Using this clause, a specification of rdf:ID encoding for the previous drug example can be written:

  Class: @B4(rdf:ID) 
  SubClassOf: Drug 

As mentioned, MappingMaster also supports entity creation where cell values are ignored. In this case, the keyword mm:Location can be used in parenthesis following a reference.

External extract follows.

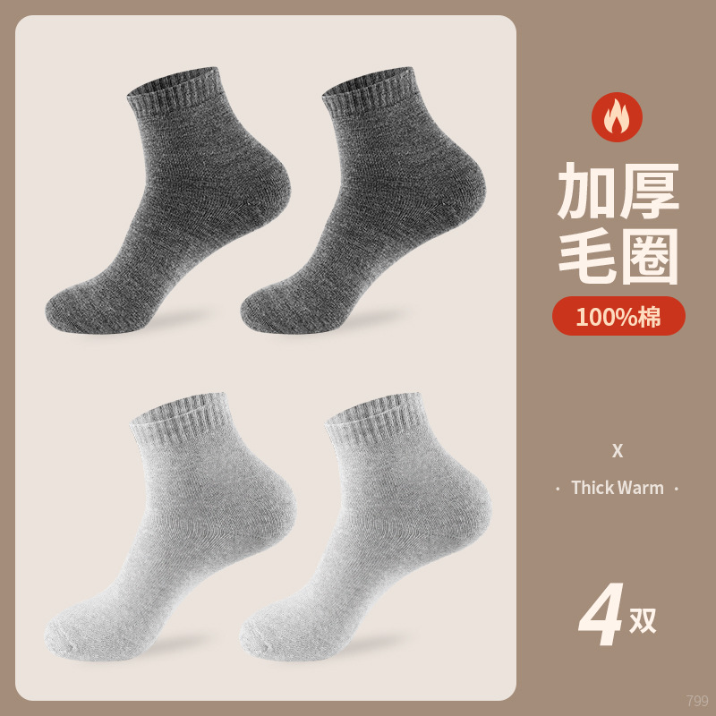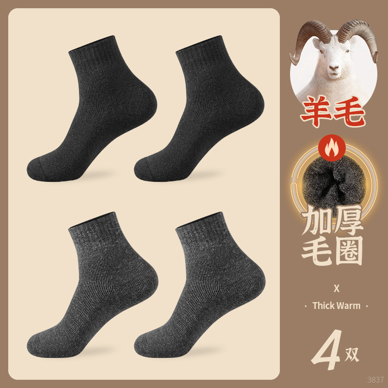恒源祥男士袜子冬季棉袜中长筒纯棉加绒加厚保暖毛圈袜男袜子冬天_49 均码【100%纯棉,加厚保暖】 3837【2黑色2深灰】羊毛男袜4双

For example, an expression to create an individual for cell D4 while ignoring the contents of the cell can be written:

  Individual: @D4(mm:Location) 

By default, OWL entities names are resolved or generated using the namespace of the currently active ontology. The language includes mm:prefix and mm:namespace clauses to override this default behavior.

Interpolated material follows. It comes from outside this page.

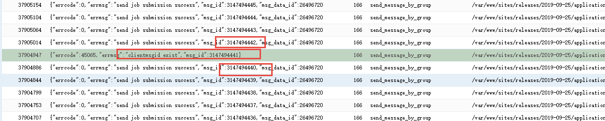 {"errcode":45065,"errmsg":"clientmsgid exist","msg_id":3147494441}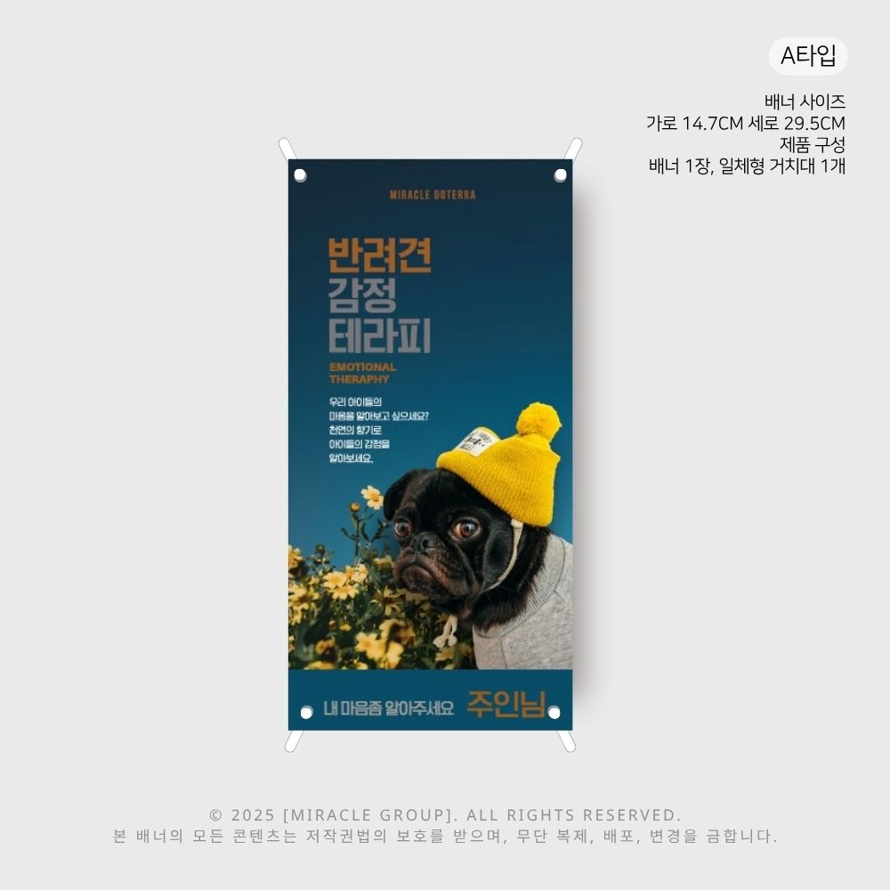 A type : 배너사이즈 가로 14,7cm 세로 29.5cm / 제품구성 배너 1장, 일체형 거치대 1개

For example, an expression to indicate that an individual created or resolved from the contents of cell A2 (assuming rdfs:label resolution) should use the namespace identified by the prefix "clinical", can be written:

  Individual: @A2(mm:prefix="clinical") 

Similarly, an expression to indicate that it must use the namespace "http://clinical.stanford.edu/Clinical.owl#" can be written:

  Individual: @A2(mm:namespace="http://clinical.stanford.edu/Clinical.owl#") 

Explicit namespace or prefix qualification in reference allows disambiguation of duplicate labels in an ontology.

Reference Resolution Using Annotation Values

To support direct references to annotation values in expressions, MappingMaster's DSL adopts the Manchester Syntax mechanism of enclosing these references in single quotes.

For example, if the OWL class Product has an rdfs:label annotation value 'A sellable product' it can be referred as follows:

  Class: @B4 
  SubClassOf: 'A sellable product' 

A sellable product will be resolved through an annotation value to the class Product when this expression is processed.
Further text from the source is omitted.